Se si contano le pagine è un libretto, ma quel che contiene, la raccolta dei tanti discorsi ai neolaureati tenuti dallo scrittore, ne fa un capolavoro

Come trovare il vero amore, come fare i soldi, ma anche cosa vogliono le donne (1-0 su Freud) e pure cosa vogliono gli uomini. In Quando siete felici, fateci caso (Minimum Fax, pp.110, euro 13) sono raccolte le risposte che Kurt Vonnegut ha dato ai neolaureati americani nel corso di vari discorsi di fine anno accademico (vedi Steve Jobs, per capirci).

Come si intuisce dal titolo, il libro tratta di felicità, di quella che abbiamo tutti a portata di mano (a proposito una letta, va bene anche se veloce e distratta, ad Attimi di trascurabile Felicità di Francesco Piccolo aiuta ad accorgersene un po’), di quella che ci è stata sottratta e di tutta quella che si può conquistare. Cosa sia la felicità a Vonnegut l’ha spiegato lo zio Alex: “mio zio diceva che quando le cose stanno andando a gonfie vele bisogna rendersene conto. Parlava di occasioni molto semplici non di grandi trionfi. Bere un bicchiere di limonata all’ombra di un albero, magari, o sentire il profumo di una panetteria, o andare a pesca, o sentire la musica che esce da una sala da concerti standosene fuori al buio, oppure, oserei dire, l’attimo dopo un bacio. Mi diceva che era importante in questi momenti dire ad alta voce: cosa c’è più bello di questo?

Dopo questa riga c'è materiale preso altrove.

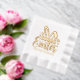 Happy Easter Bunny Ears Personalised Name Foil Napkins Real Foil Stamped Paper Napkins features the text "Happy Easter" in modern calligraphy script typography accented with love hearts, easter eggs and rabbit ears and personalised with your name or custom text. Perfect to celebrate Easter in style. Created by Evco Studio www.zazzle.com/store/evcostudio
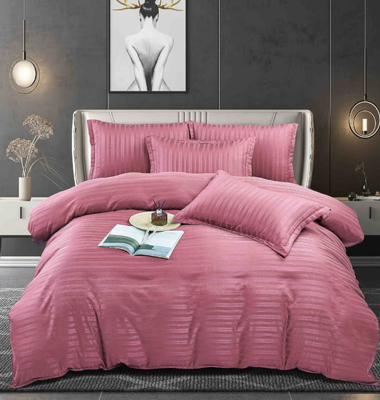 Lenjerie Horeca Deluxe, pat dublu, Damasc finetat , cearsaf normal, 6 piese , Roz-inchis, DAM009
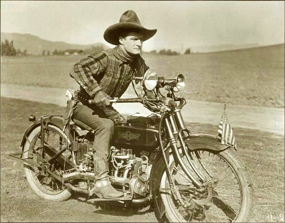 Western film star Tom Mix on a Henderson motorcycle, 1919.
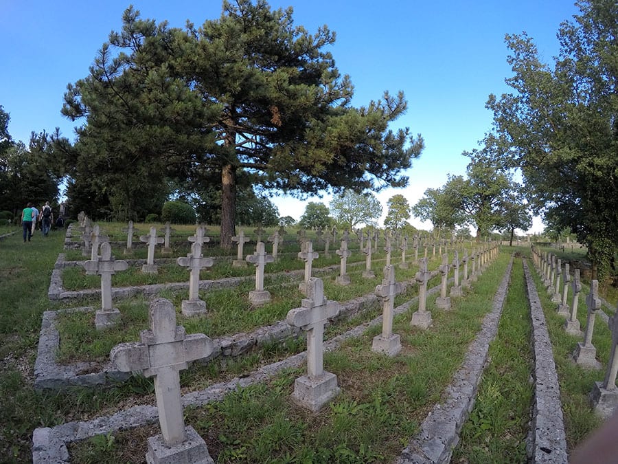 Prema kanjonu Soče smo krenuli sa Krasa, odnosno Kraške regije gdje smo posjetili prekrasan gradić Štanjel i okolne povijesne znamenitosti poput starog austrougarskog groblja Gorjansko. Uz Gorjansko groblje smo odmah učili zanimljivu oznaku “Pot Miru“, koja nas je zatim pratila cijelo vrijeme ovog zanimljivog putovanja.
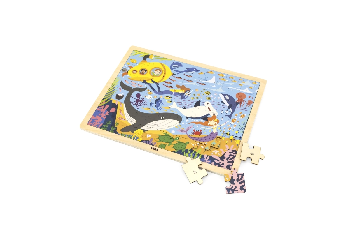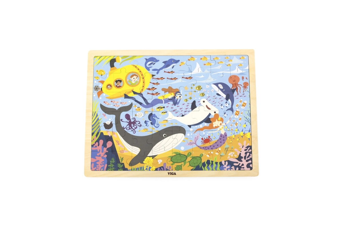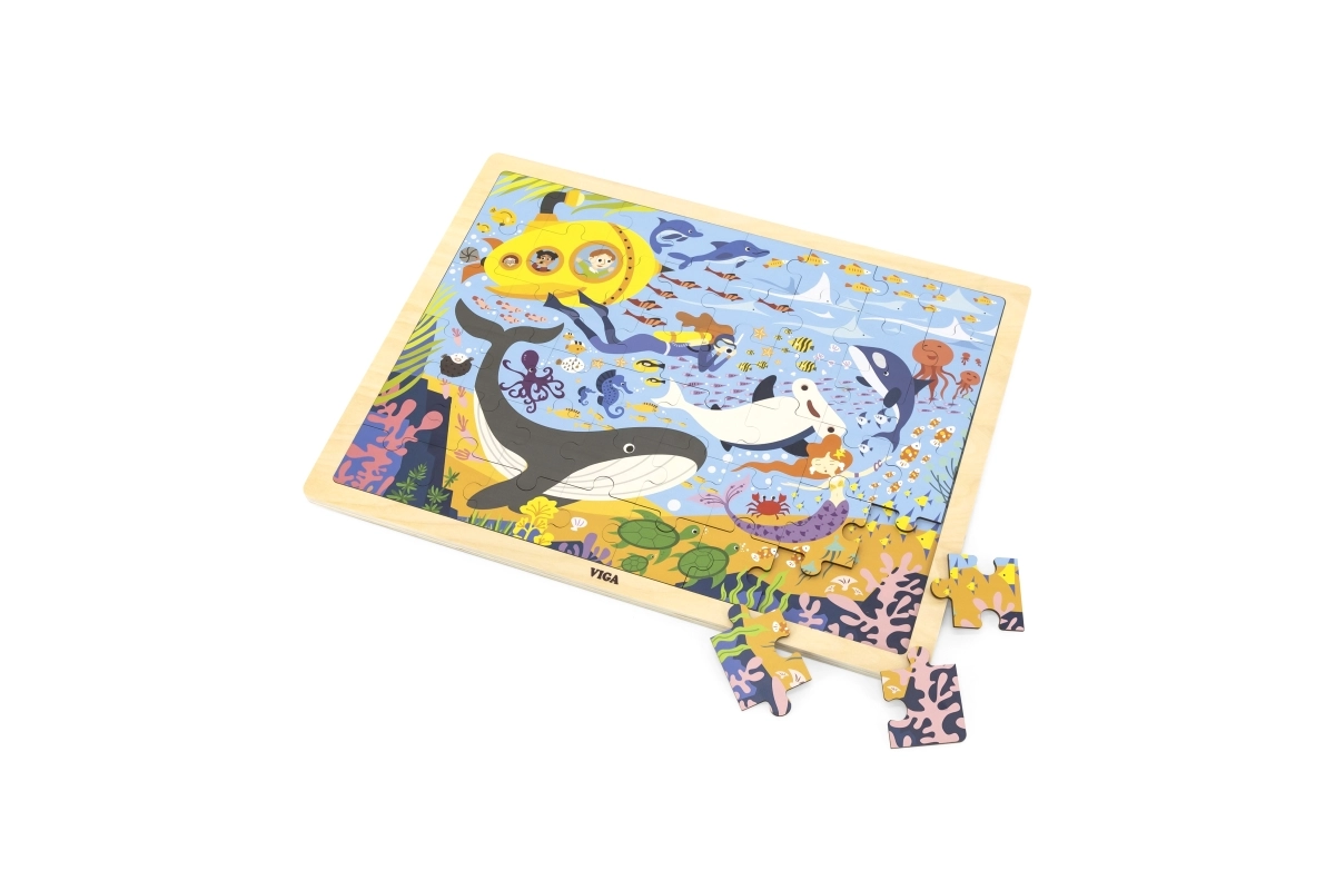 Con el rompecabezas de madera Vida Marina descubrirás una asombrosa variedad de criaturas marinas, como ballenas y pececitos, todo ello incluyendo un submarino amarillo.
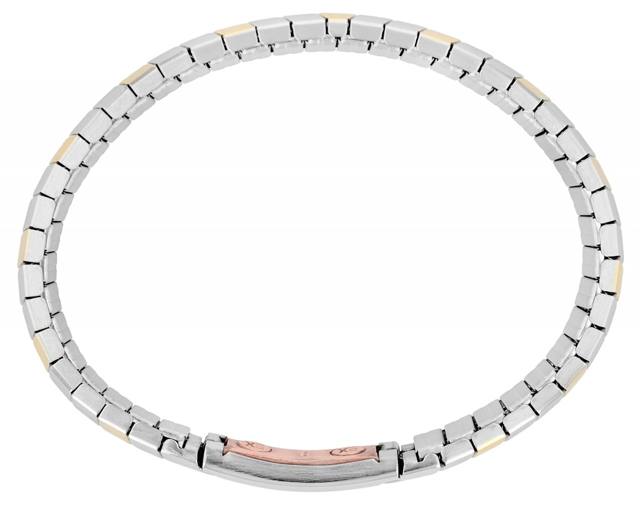 Vittoria, uma pulseira para seu bem-estar. A pulseira feminina flexível feita de aço inoxidável da marca Akzent está disponível em quatro versões.<br< O especial da pulseira é que há dois elementos magnéticos de cobre incorporados na parte interna da pulseira. A combinação de cobre e ímãs é tradicionalmente valorizada por suas propriedades positivas: – O cobre é considerado um material comprovado na naturopatia e é frequentemente associado a um efeito de suporte nas articulações e na circulação sanguínea. – De acordo com os usuários, os ímãs podem ter um efeito relaxante e ajudar a promover o equilíbrio do corpo. Variantes -001 Circunferência: 17 cm, largura: 7 mm, placa de gravação, bicolor -002 Circunferência: 17 cm, largura: 6,5 mm, placa de gravação, prateada -003 Circunferência: 17,5 cm, largura: 7 mm, bicolor -004 Circunferência: 17 cm, largura: 7 mm, elementos de gravação, acabamento similar, prateada
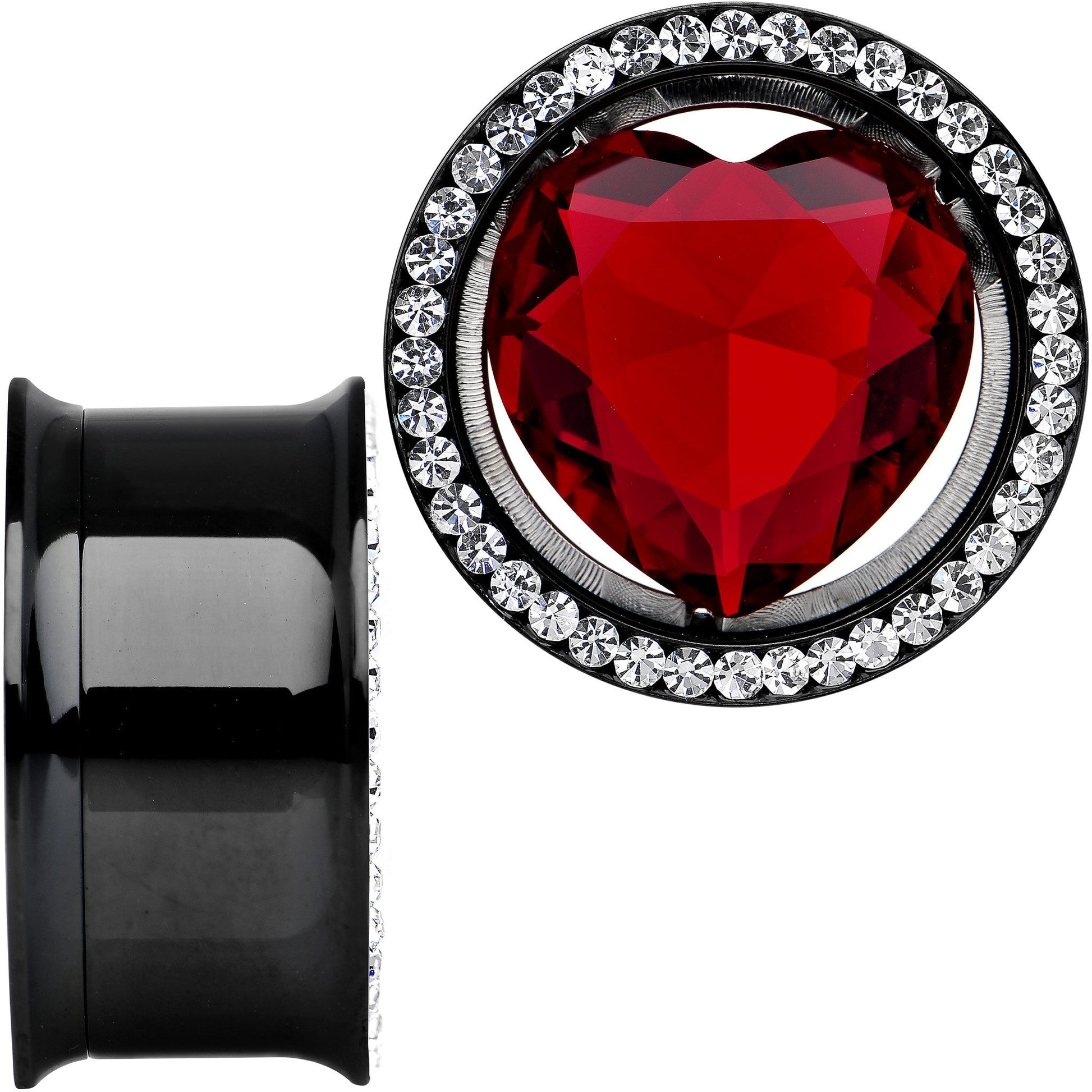 This 7/8" anodized titanium black screw fit double flare plug featuring red heart inserts encircled by clear gems is a must-have for any plug jewelry wearer who is looking for something that adds a touch of feminine style. Anodized with lightweight titanium, this gauge set is ideal for individuals with nickel sensitivity and is internally threaded for easy insertion. These plugs are sold in sets of two.
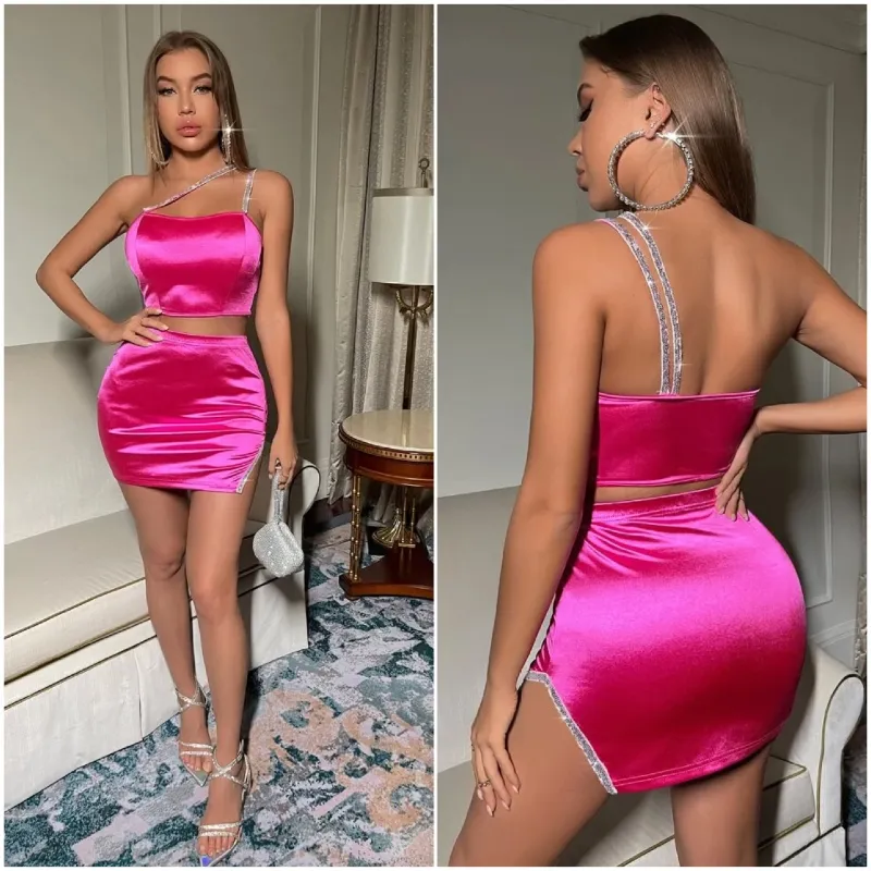 Conjunto de saya y top color rosa con detalles de lentejuelas
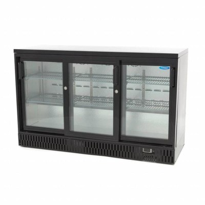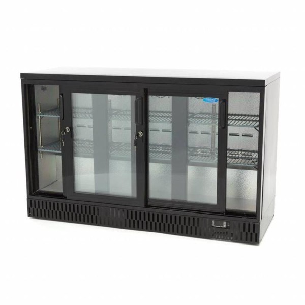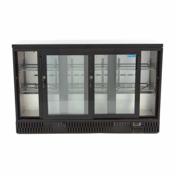 Για να παρουσιάσετε ποτά και σνακ επαγγελματικά, διατηρώντας τα παράλληλα δροσερά, χρειάζεστε αυτό το πολυτελές, μαύρο ψυγείο ποτών. Έχει χωρητικότητα 323 λίτρων και διαθέτει τρεις συρόμενες πόρτες για εύκολη πρόσβαση. Αυτές είναι διπλού υαλοπίνακα για να διατηρούν τα προϊόντα απόλυτα δροσερά μέχρι να τα χρειαστείτε. Όλες οι πόρτες διαθέτουν κλειδαριά για να κλείνει εντελώς το ψυγείο. Πίσω από κάθε πόρτα υπάρχουν δύο ρυθμιζόμενα ράφια, ώστε να μπορείτε να προσαρμόσετε τη διάταξη ανάλογα με τις ανάγκες σας. Για να αναδεικνύονται ακόμη καλύτερα τα προϊόντα στο ψυγείο ποτών, διαθέτει ενσωματωμένο φωτισμό LED.
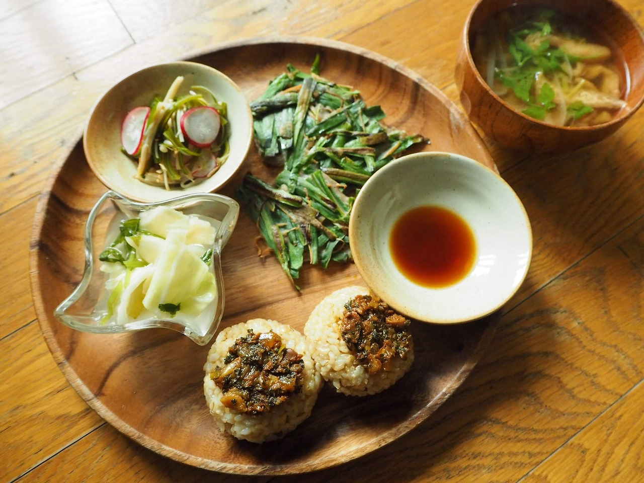 이 계절 잊고 지나가기 아쉬운 또 한 녀석. 머위를 들여왔다. 씁쓸한 맛에 호불호가 갈리는 머위를 더 맛있고 지혜롭게 즐겨보고 싶어 머위 쌈장을 만들어보았다. 도쿄에서 즐겨가는 음식점 보탄에서는 머위미소를 달콤하게 만들기 위해 미림을 사용했다는데, 우리나라의 된장에 미림은 썩 어울리는 조합이 못 된다. 하지만 달콤했던 머위미소에서 힌트를 얻어 우리나라식으로 재해석해 한번 만들어 보았을 뿐인데, 주먹밥을 빚어 머위 쌈장을 얹어 먹으니 밥도둑이 따로 없다. 야들야들한 부추도 통밀가루와 함께 반죽을 만들어 한입크기로 부쳐내니 막걸리를 부르는 한 상이다. 비도 오니 막걸리를 곁들였어도 괜찮았을텐데.

In effetti - nota l’autore - tante cose sono andate storte: il mondo drogato di petrolio (“avete presente i crack babies? Be’, noi tutti siamo la stessa cosa, ma con i combustibili fossili”), quelli che non capiscono quando l’avere è abbastanza, il fatto che il premio Nobel valga poco, la guerra in Iraq e Thomas Jefferson. Quindi il mondo va cambiato, o quanto meno un pezzetto di esso, e siccome Vonnegut non si fida di tutti gli esseri umani affida questo compito agli artisti: “Gli artisti fanno due cose: primo, riconoscono che non possono rimettere in sesto l’intero universo. Secondo, fanno sì che almeno una piccola parte sia esattamente come dovrebbe essere.” L’impresa è ardua ma sapendo scegliere per bene non corriamo il rischio di trovarci ad affrontarla da soli perché ad aiutarci ci sono tante belle cose, vedi la musica: “se mai dovessi morire – Dio non voglia – vorrei che sulla mia lapide ci fosse scritto: L’UNICA PROVA CHE GLI SERVIVA DELL’ESISTENZA DI DIO ERA LA MUSICA”.

Come per le altre è difficile inquadrare quest’ultima opera entro un genere letterario definito: un po’ saggio, un po’ romanzo, almeno nella misura in cui dalle parole dell’autore si coglie la storia non ancora raccontata dei tanti giovani che con il proprio sudato foglio in mano si chiedono “e adesso che (ci) faccio?” Vonnegut prova ad indicare una strada, anzi molte e ne ha per tutti. La prima la propone in ogni orazione e la mette anche alla fine del libro, che non si sa mai: “di regola io ne conosco una sola: bisogna essere buoni, cazzo.”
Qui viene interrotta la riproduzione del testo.